Hamud, kâğıt üzerine yazdığı dualarında, masum ve çocuksu bir şekilde sadece kendi dileklerini değil, Gazze halkının tümünün dualarını da yansıtıyordu. Hepimiz kendimizin ve sevdiklerimizin güvenliğini arzuluyoruz. Bu, neredeyse iki yıldır bizden çalınan en değerli ve en kıymetli duygudur.

Ayrıca, un, et, tavuk, meyve ve sebze alabilmek için sınır kapısının yeniden açılmasını sabırsızlıkla bekliyoruz. Cips ve çikolata da kesinlikle hoşumuza gider. Neredeyse hiçbir şeyimiz olmadığı için her şeyi arzuluyoruz.

Hamud, Gazze halkının tamamını, özellikle de savaş boyunca çocukça umutlarının paramparça olduğunu gören, yorgun, korkmuş ve aç çocukları yansıtıyor. Onlara geriye tek bir dua kalıyor: güvende hissetmek ve tok hissetmek.

 

*Deema Fayyad, Gazze'nin Han Yunus’ta doğdu ve büyüdü. Son saldırıların ardından zorla Deyr El-Belah'a göç etmek zorunda kaldı. Han Yunus’taki evini özlüyor, ancak artık bir evi olmadığı için geri dönemez.

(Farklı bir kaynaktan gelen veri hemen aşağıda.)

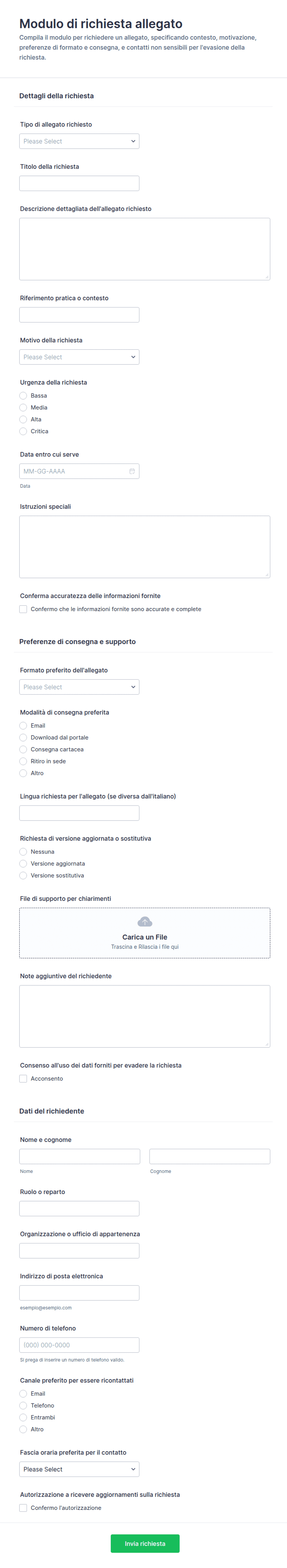 • Moduli di Richiesta di Supporto: Combina il caricamento di file con campi per la descrizione dettagliata del problema e le informazioni di contatto.
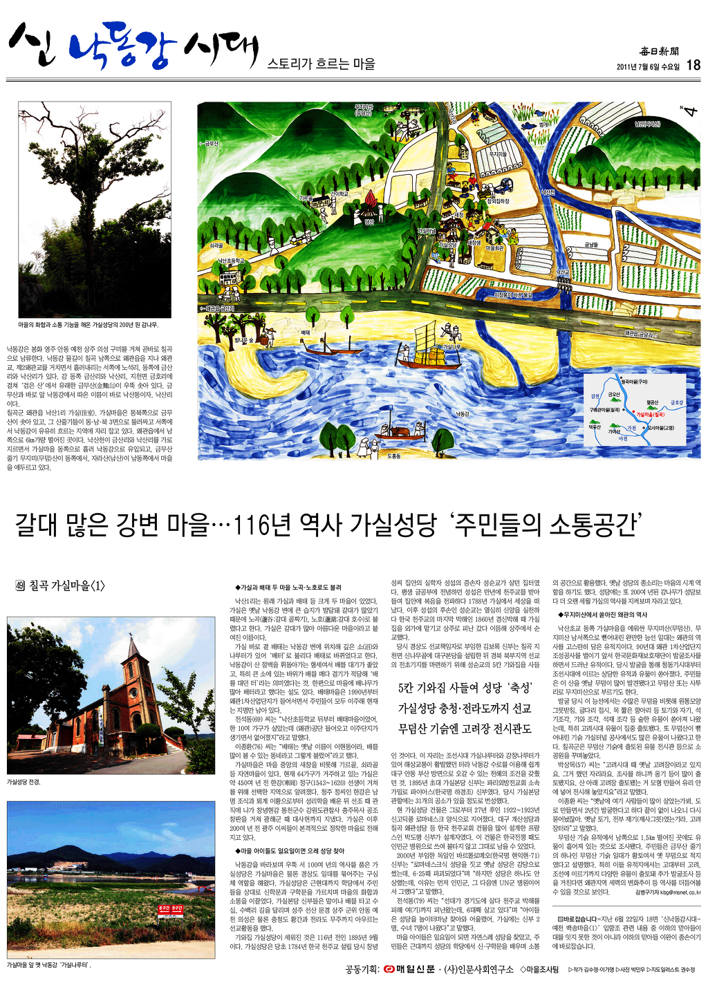 역사를 자랑하는 가실성당과 가실마을이 매일신문에 게재 샘들에게 안부 전합니다
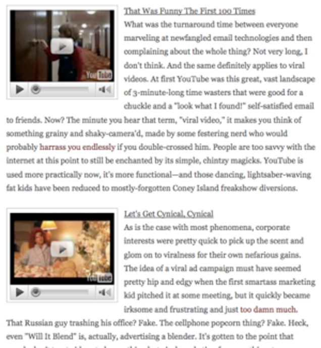 That Was Funny The First 100 Times What was the turnaround time between everyone marveling at newfangled email technologies and then complaining about the whole thing? Not very long, I don't think. And the same definitely applies to viral videos. At first YouTube was this great, vast landscape of 3-minute-long time wasters that were good for a chuckle and a "look what I found!" self-satisfied email to friends. Now? The minute you hear that term, "viral video," it makes you think of something grainy and shaky-camera'd, made by some festering nerd who would probably harrass you endlessly if you double-crossed him. People are too savvy with the internet at this point to still be enchanted by its simple, chintzy magicks. YouTube is used more practically now, it's more functional—and those dancing, lightsaber-waving fat kids have been reduced to mostly-forgotten Coney Island freakshow diversions.

Deema, Access mezunu ve Filistin davasına hizmet eden Kuffiya grubunun şu anki üyesidir. Bu yılın başlarında, İslam Üniversitesi'nde İngilizce çeviri bölümünde dördüncü yılına başladı. Profesörü Dr. Refaat Alareer'den ilham alarak, Gazze'nin sesini dünyaya duyurmak için yazmaya başladı.